12. After the transfer of his interest in the residence, McFarlane continued to reside there and paid the property taxes and insurance on the residence as well as all utilities and maintenance bills. During this time his income was substantially greater than that of the defendant.

13. On April 30, 1993 the residence had a cesspool system for disposal of waste. This system occasionally backed up. An underground tank was also present on the property. Neither of these facts was known to Robert Libby, who performed the review appraisal on the residence in January 1993.

14. If Robert Libby had known about the cesspool and the underground tank he would have made a downward adjustment to the appraised valuation of 50% of the cost of installation of a new septic system and of the full cost of removal of the underground tank.

15. A new septic system was installed to serve the residence prior to the sale of the property in 1995 at a cost of $5,966. The underground tank was removed at the same time at a cost of $1,907.50.

16. McFarland and the defendant paid $10,334.11 in cash to Gorham Savings Bank at the closing. This money came from a joint account.

17. The closing costs on the Gorham Savings Bank refinancing were $798.90.

18. The existing mortgages and IRS lien on the residence were discharged at the time of closing on the Gorham Savings Bank refinancing.

Conclusions of Law

1. The plaintiff, trustee in bankruptcy of McFarlane's estate, seeks to avoid the transfer from McFarlane to Hanley and recover twice the value of the asset transferred pursuant to 11 U.S.C. § 544(b) and 14 M.R.S.A. § 3578(1)(C)(3).

The federal statute provides that the trustee may avoid any transfer of an interest of the debtor in property . . . that is voidable under applicable law by a creditor holding an unsecured claim that is allowable under Section 502 of this title or that is not allowable only under Section 502(e) of this title. 2. The trustee asserts that the transfer at issue is voidable under the applicable law of Maine, specifically 14 M.R.S.A. §§ 3575(1)(A), 3575(1)(B)(2) 2 and 3576(1).

Those portions of the statute read as follows:

§ 3575 Transfers fraudulent as to present and future creditors 1. Fraudulent transfer. A transfer made or obligation incurred by a debtor is fraudulent as to a creditor, whether the creditor's claim arose before or after the transfer was made or the obligation was incurred, if the debtor made the transfer or incurred the obligation:

A. With actual intent to hinder, delay or defraud any creditor of the debtor; or

B. Without receiving a reasonably equivalent value in exchange for the transfer or obligations and the debtor:

(1) Was engaged or was about to engage in a business or transaction for which the remaining assets of the debtor were unreasonably small in relation to the business or transaction; or

(2) Intended to incur, or believed or reasonably should have believed that he would incur, debts beyond his ability to pay as the debts became due.

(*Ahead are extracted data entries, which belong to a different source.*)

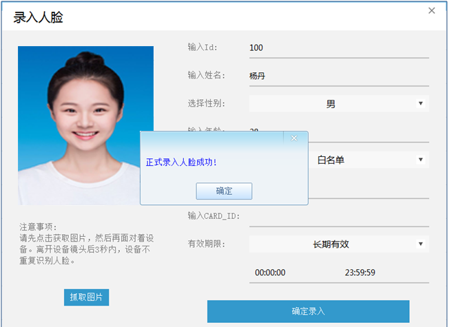 ?點(diǎn)擊【添加】按鈕,進(jìn)入界面è人臉正對(duì)攝像頭è點(diǎn)擊【抓取圖片】按鈕,抓取人臉圖片è輸入人員資料,點(diǎn)擊【確定錄入】按鈕è提示正式錄入人臉成功完成。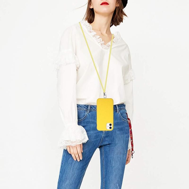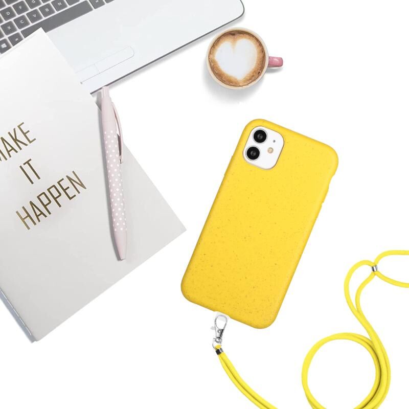 For iPhone 11 Wheat MagSafe Magnetic Straw Material + TPU Phone Case with Lanyard(Yellow)
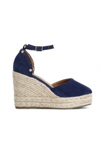 Fabric sandals on a cord wedge and platform. fabric ankle strap. closed-front and -back shoe. gold studs on the reinforced heel and strap.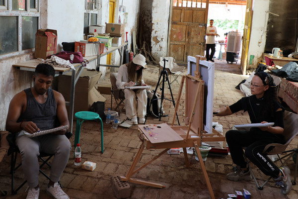 郐振明主席和采风团艺术指导燕娅娅对中外团员给予悉心指导和亲身示范,大家面对不同的写生主题,都是认真观摩学习、相互切磋交流绘画技巧,全身心投入采风创作中。中外团员们的创作表现力也在不断提升,对新疆主题创作理解愈加深入。他们积极思考、努力探索、勇于尝试,力求创作出富有鲜明新疆文化特色,同时融合自身艺术风格的优秀作品,将对新疆的热爱之情诉诸艺术语言之中。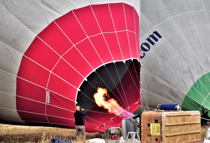 Мы наблюдали за тем, как шар готовят к полёту, вдыхают в него жизнь, он расправляется, расширяется- и рвётся в небо- только держи! А вокруг, в небе уже парят его счастливые товарищи.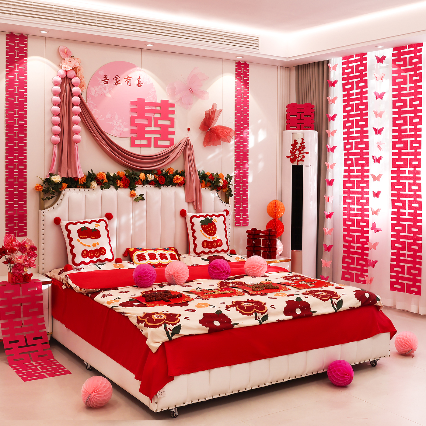 结婚用品喜字贴床头装饰婚房布置套装女方卧室蝴蝶拉花创意背景墙

§ 3576 Transfers fraudulent as to present creditors

1. Transfers without receipt of reasonably equivalent value. A transfer made or obligation incurred by a debtor is fraudulent as to a creditor whose claim arose before the transfer was made or the obligation was incurred if the debtor made the transfer or incurred the obligation without receiving a reasonably equivalent value in exchange for the transfer or obligation and the debtor was insolvent at the time or the debtor became insolvent as a result of the transfer or obligation.

3. Hanley asserts that the conveyance was not a transfer under the Maine statute, based on the definitions of the terms "transfer" and "asset" in Maine's version of the Uniform Fraudulent Transfer Act, of which 14 M.R.S.A. § 3575 is a part.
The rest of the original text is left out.